The whole of Japan entered its first weekend under a state of emergency Saturday, with tourist sites and entertainment districts largely deserted as people heed a government call to stay home to stop the coronavirus’ spread.
There were very few people in the main shopping arcade in Miyazaki, the capital of the southwestern prefecture of the same name, with “closed” signs adorning most store doors despite the prefectural government not requiring nonessential businesses to cease trading.
“Normally there are lots of people on Saturday morning who’ve finished working at bars,” said Tokuyoshi Hidaka, a 70-year-old taxi driver who was on the hunt for passengers. “My earnings have almost halved since March.”
(Kyoto on April 18, 2020.)
Prime Minister Shinzo Abe on Thursday expanded the areas covered by the state of emergency to the entire nation after originally declaring it over only Tokyo and six other prefectures — Saitama, Chiba, Kanagawa, Osaka, Hyogo and Fukuoka — on April 7.
The total number of coronavirus cases in Japan has now surpassed 10,000, local government officials said.
The total figure excludes about 700 from the Diamond Princess, a cruise ship that was quarantined near Tokyo in February.
In the Japanese capital alone, 181 new infection cases were confirmed Saturday.
Popular tourist spots in Kyoto, western Japan, were largely empty, with the scenic Togetsukyo Bridge in Arashiyama that is normally swarming with visitors just seeing a few people strolling or passing by in cars.
“Sales are all but zero, but it’s tough just staying at home,” said a 45-year-old male owner of a grocery store near the bridge. He said he will keep his store open as long as he can.
(A store in Kyoto’s Higashiyama district is closed on April 18, 2020.)
At the Tottori Sand Dunes in western Tottori Prefecture, a 19-year-old university student from nearby Hyogo Prefecture said he and his two friends decided to visit as they believed the site does not have the 3 Cs — confined spaces, crowded places and close contact — the government is asking people to avoid.
“We’ll continue to drive through Tottori Prefecture but we’ll try not to make stops at shops (where we can come into close contact with people),” he said.
In the city of Fukuoka, people were thin on the ground at the major shopping district of Tenjin but many still walked and jogged in Ohori Park.
“There are more people than usual,” said a man in his 60s who visits the park for a run once a week. “There is nowhere to go with all shops closed and I suppose they are all here to exercise.”
In addition to the seven prefectural governments that were included in the first state of emergency declaration, nine others including Aichi and Kyoto are to ask nonessential businesses to suspend operations, with four more including Ishikawa and Hiroshima considering following suit.
Abe said during a press conference on Friday that people must avoid traveling from cities to rural areas, taking possible infections with them.
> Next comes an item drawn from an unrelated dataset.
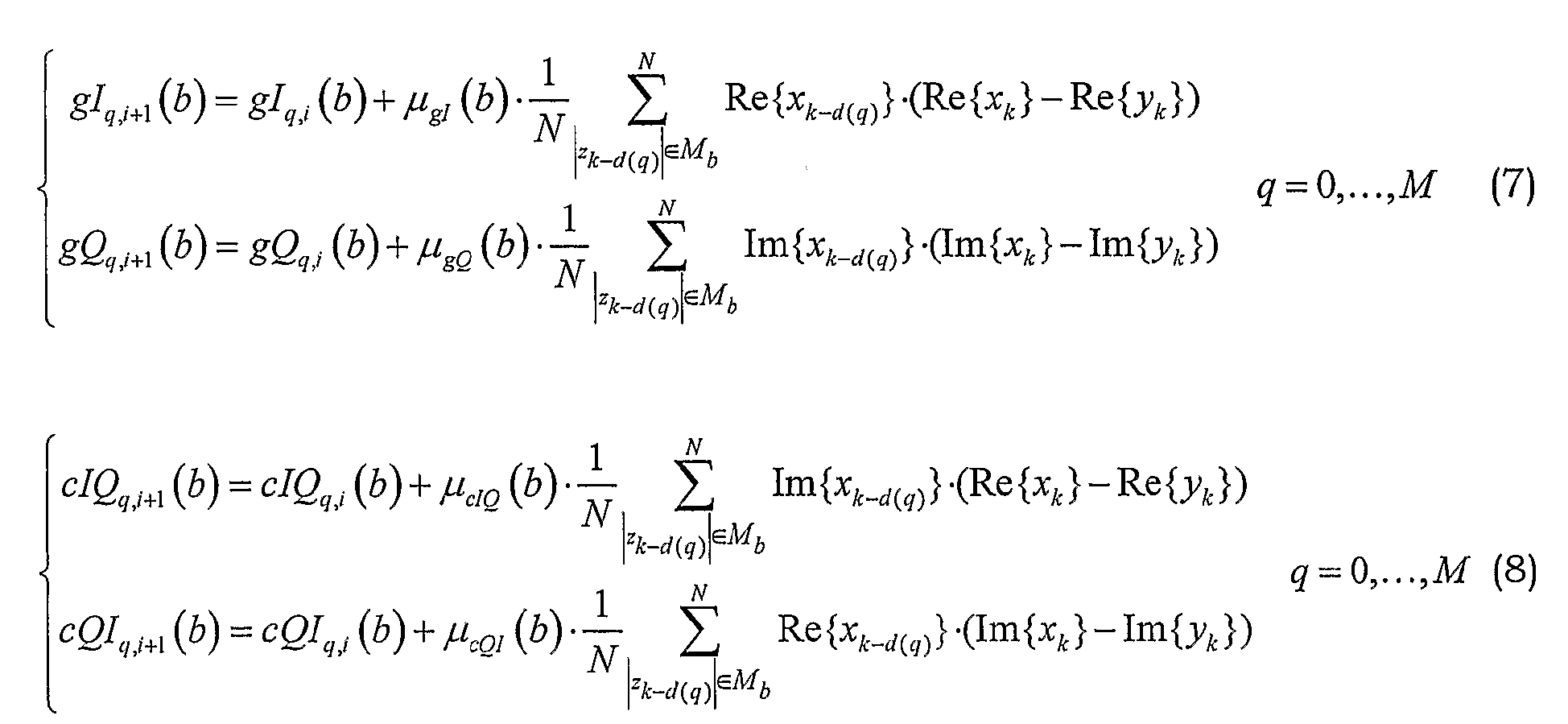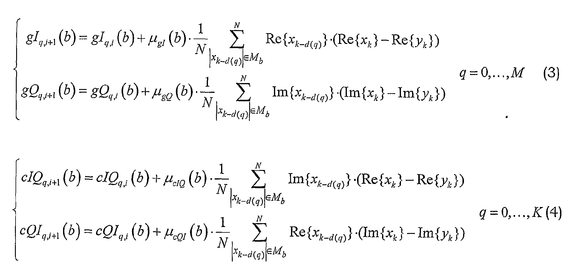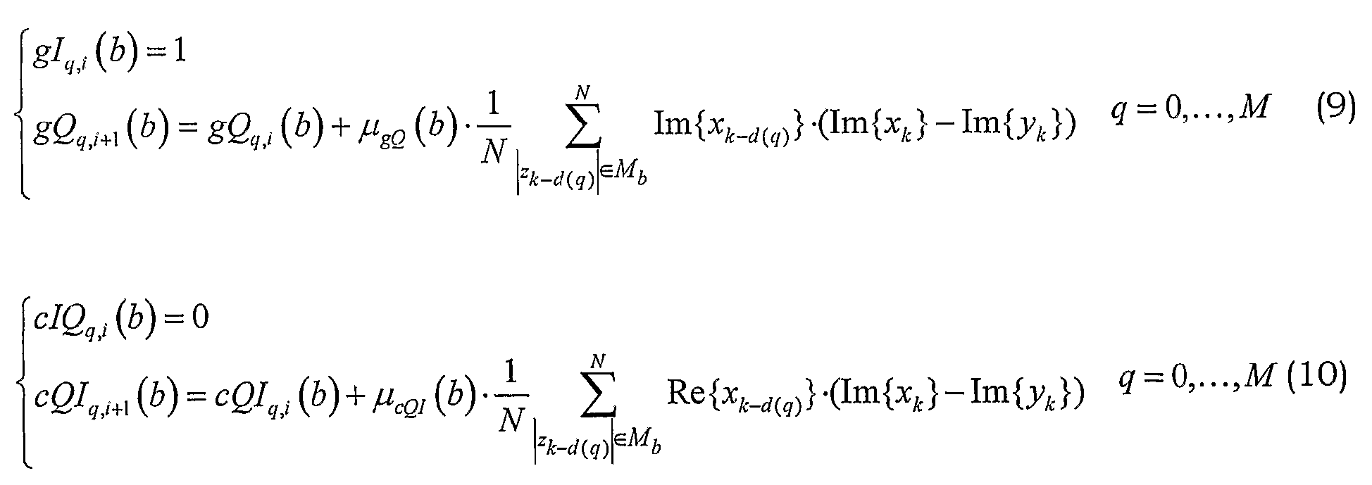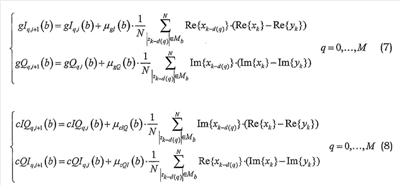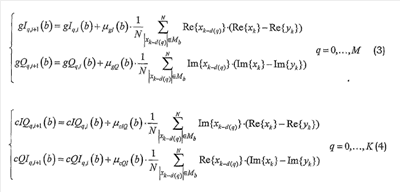 В уравнениях (3)-(4) используется различное количество (M+l and K+1 соответственно) отводов фильтров. Тем не менее, возможно использовать одинаковое количество отводов фильтра для gIQ, gQq и gIQq, gQIq. Более того, также возможно использовать различные интервалы Mb для двух случаев. Упрощение может быть получено посредством допущения, что каждая (или по меньшей мере одна) из постоянных контура не зависит от элемента b.

Iwate, in the northeast, is now the only one of Japan’s 47 prefectures to not report a case of infection.
Sixty-year-old Nobuko Yoshida, who works at a restaurant in the capital city of Morioka, said the expansion of the state of emergency “will make things inconvenient (for her work)” but accepted it “can’t be helped as we don’t want infections here.”
Under the monthlong state of emergency, Abe is asking people to reduce contact with others by as much as 80 percent and companies to shift to teleworking to achieve a 70 percent cut in commuters to prevent the COVID-19 disease-causing virus’ further spread.